そう、あたしはアイツに言った。2月14日はバレンタインデー。女の子が好きな男の子にチョコレートやお菓子をあげる日。
あたしはアイツの事が好き。大好きなのだ。だから慣れないお菓子作りをやってでも、アイツに精一杯の想いを伝えたい。
「ルビーはまだ来てなかと…?」
ポケモンを観測する為に作られた質素な秘密基地も、今ではカラフルに飾り付けられている。全てルビーが置いたものだ。あたしは置いてあったルリリドールを抱きしめながら待っていた。
「やぁ、待たせてごめん」
「ん、そげん待ってなかよ」
…本当は、30分も前に来てしまったけど。今は待ち合わせの時間まで10分前。そんなにうきうき気分な自分を悟られたくなくて、黙っている事にした。
「…今日、呼んだんはね」
「あー、そうそう。君に見せたいものがあるんだ」
「見せたいもん?」
するとルビーは自分で持って来たであろう箱を取り出して、テーブルの上に置いた。その箱は可愛いピンクのリボンで装飾されていた。
「これ、何?」
「開けてみなよ」
そう言われたので、あたしは開ける事にした。ドキドキする。
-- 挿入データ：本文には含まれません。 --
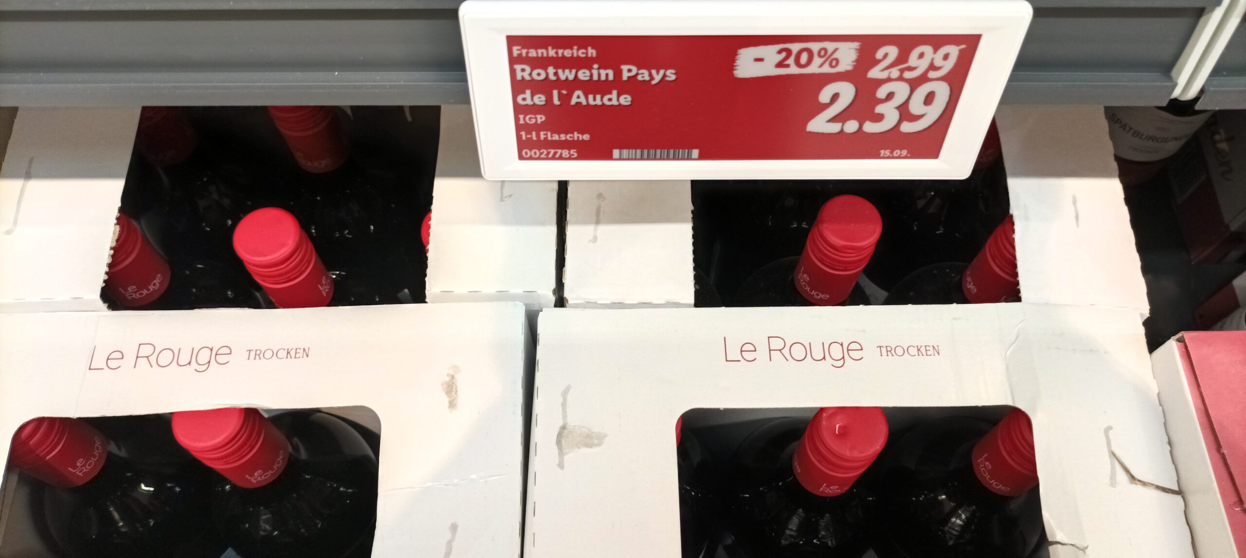 Selbst wer sich die Situation schöntrinken möchte, muss feststellen, dass der preiswerte Rotwein aus Frankreich nicht mehr 1,99 Euro kostet. Immerhin wurde der Preis gerade wieder herabgesetzt, 2,99 Euro war wohl zuviel des Guten für die Zielgruppe der preissensitiven Weinliebhaber.
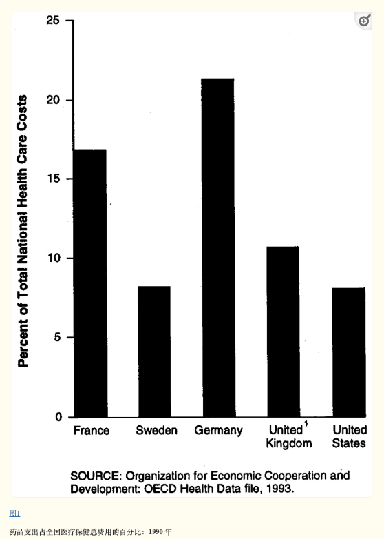 当时欧洲的药物支出到达了怎样的高度呢?以1990年为例,当时英国药品支出占医疗保健费用的11%,法国这项数据则是17%,德国更是攀升至21%。作为对比,当时美国同期药品支出仅占医疗总支出的8%。
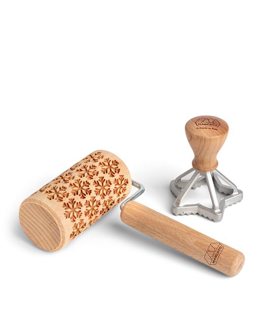 Whether baking for Santa or family gatherings, this Marcato cookie set provides you with the tools to showcase your culinary skills. Use the included recipe book to make the dough, then roll out with the wooden pin - watch as the seasonal pattern transfers to the surface - then firmly press in the cutter to create your batch.
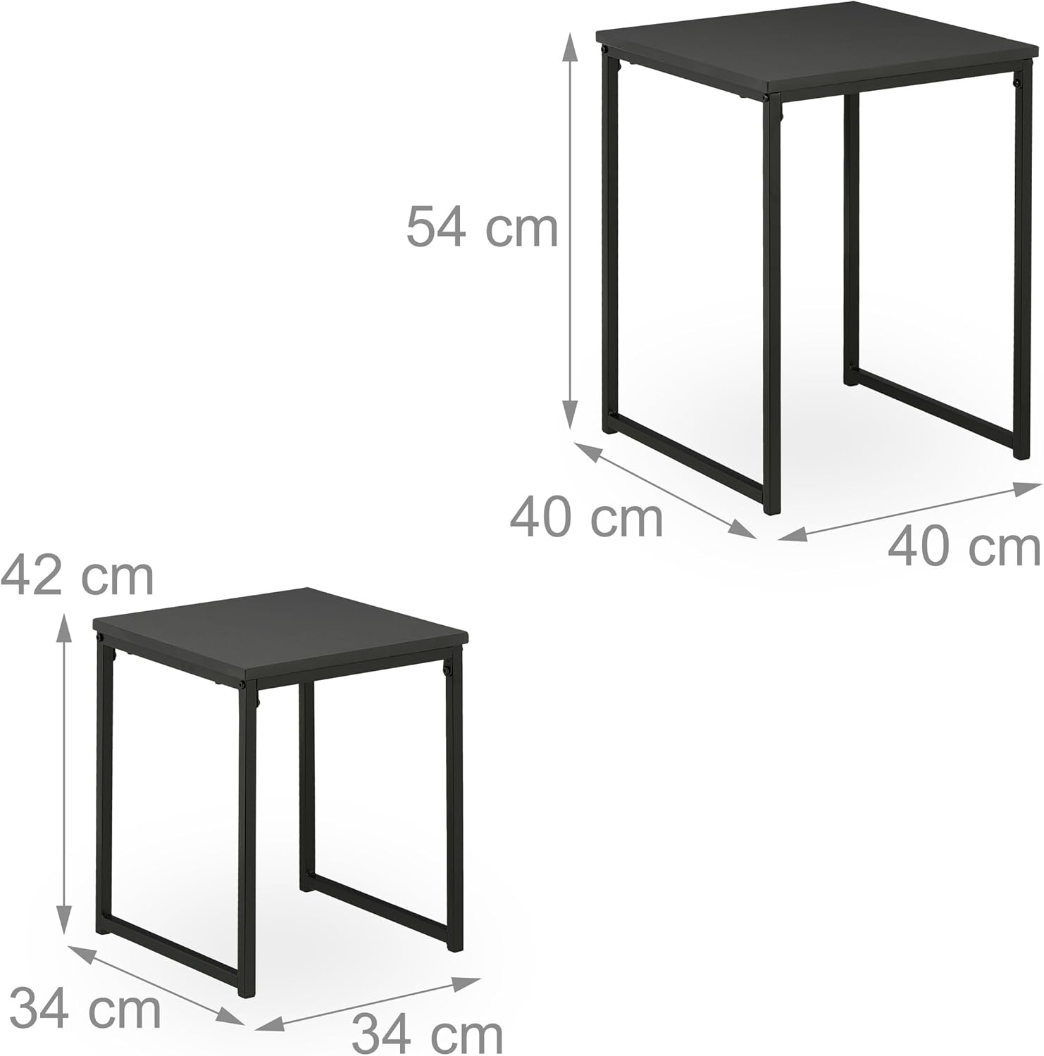 - Basics: Satztische in 2 Grössen - Klein HxBxT: ca. 42 x 34 x 34 cm - Gross HxBxT: ca. 54 x 40 x 40 cm
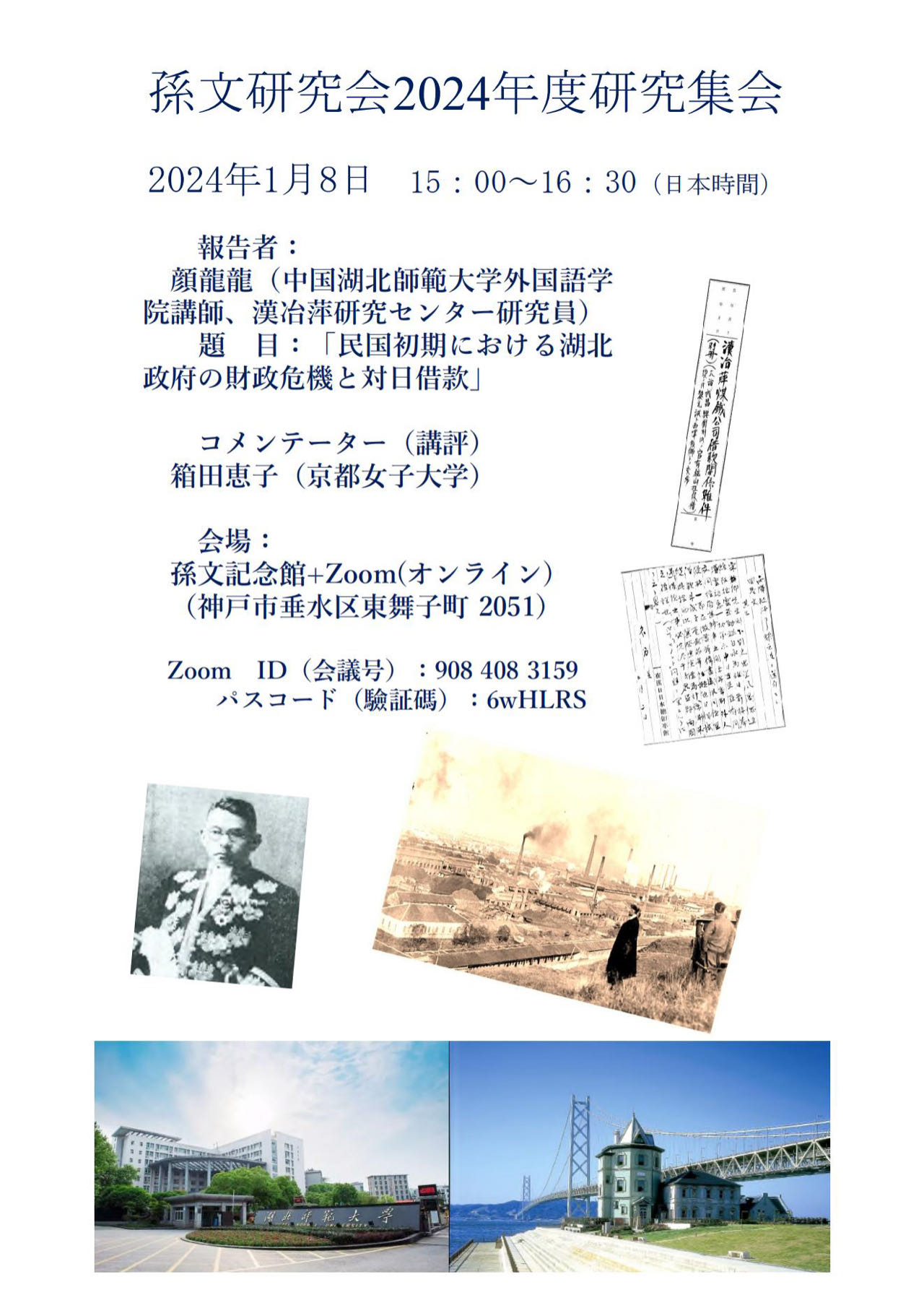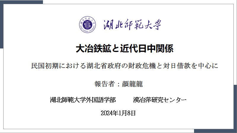 1月8日,我院日语系教师颜龙龙应日本孙文纪念馆和孙文研究会邀请,为日本孙文研究会的全体会员作『大冶铁矿と近代日中関係−民國初期における湖北政府の財政危機と対日借款を中心に−』(“大冶铁矿与近代中日关系——以民国初年湖北政府的财政危机与对日借款为中心”)的学术报告,此次报告会由日本神户大学文学部教授绪形康主持,日本京都女子大学文学部教授箱田惠子担任特约评论员。

一体、何が入っているんだろう…?
すると箱からは、
「……ケーキ?」
「そう、チョコレートケーキ!僕が君の為につくってきたのさ」
さぞ当たり前のように、そう答えられた。あたしにはさっぱり分からなかった。今日はバレンタイン。それでチョコレートという事は分かる。だけど、何故ルビーがつくってくるのか。
「なして?」
「何故男である僕がバレンタインに作ってくるのか、だろう?最近、男からも贈り物をする、逆チョコなるものが流行ってるんだよ?知らないのかい?」
「……知らんかった」
「まぁ、流行ってるのも都会だからね。知らないのも無理ないかな」
「…残念ったい。あたし…、あたしも…」
チョコレート。せっかく作ってきたのに。食べてもらえないなんて…。涙が出そう…。
「誰が食べない、なんて言ったの?」
「へっ?」
「全く。君は、早とちりしすぎなんだよ。というか、料理とか家庭的なものが苦手な君が作ってくれたなんて。とても嬉しいよ」
「ルビー…」
「さぁ、一緒に食べよう。僕もケーキだけじゃなくて。色々作ってきたんだ」
「うんっ!」
バレンタインデーは女の子が愛を伝える日とされているけれど、男女が愛を確かめ合う日でもあるんだ。…僕達のようにね。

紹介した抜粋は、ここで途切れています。